- Head coach: Charles Lee
- President: Fred Whitfield
- General manager: Jeff Peterson
- Owner(s): Gabe Plotkin & Rick Schnall
- Arena: Spectrum Center

Results
- Record: 19–63 (.232)
- Place: Division: 4th (Southeast) Conference: 14th (Eastern)
- Playoff finish: Did not qualify
- Stats at Basketball Reference

Local media
- Television: FanDuel Sports Network South · FanDuel Sports Network Southeast · Various networks (5 simulcasts)
- Radio: WFNZ

= 2024–25 Charlotte Hornets season =

2024–25 NBA season by team

The 2024–25 Charlotte Hornets season was the 35th season for the franchise in the National Basketball Association (NBA). This also became the second season where Gabe Plotkin and Rick Schnall would take on majority ownership of the Hornets franchise after buying majority shares from Michael Jordan during the month of August 2023. On April 3, 2024, the Hornets announced that Steve Clifford would step down as head coach at the end of the 2023–24 season and move into a front-office advisory role. On May 9, 2024, the Hornets hired Charles Lee as their new head coach.

On March 23, 2025, the Hornets were eliminated from playoff contention for the 9th season in a row following a 122–105 loss to the Miami Heat.
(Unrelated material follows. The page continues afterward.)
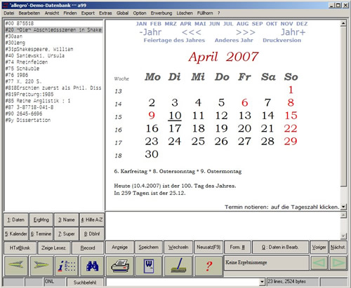 Hat das System den FLEX kalender.flx gefunden, so wird er ausgeführt und Sie sollten im Anzeigefeld von allegro folgendes dargestellt bekommen.

They were not able to improve on their 21–61 record from the previous season as they finished this season with a 19–63 record, the second-worst in the Eastern Conference.

==Draft==

| Round | Pick | Player | Position(s) | Nationality | College / club |
|---|---|---|---|---|---|
| 1 | 6 | Tidjane Salaün | PF | France France | Cholet Basket |
| 2 | 42 | KJ Simpson | PG | United States United States | Colorado |

The Hornets entered the draft (which was two days instead of one like it had been since the NBA draft was shortened down to two rounds back in 1989) with one first-round pick and one second-round pick, the latter of which was originally owned by the Houston Rockets and acquired from the Oklahoma City Thunder in February 2024. They had traded their original second-round pick to the New Orleans Pelicans in 2020; through subsequent trades, the pick landed with the Portland Trail Blazers as the more favorable selection than that of the Minnesota Timberwolves because the Hornets finished with a worse record in the 2023–24 season.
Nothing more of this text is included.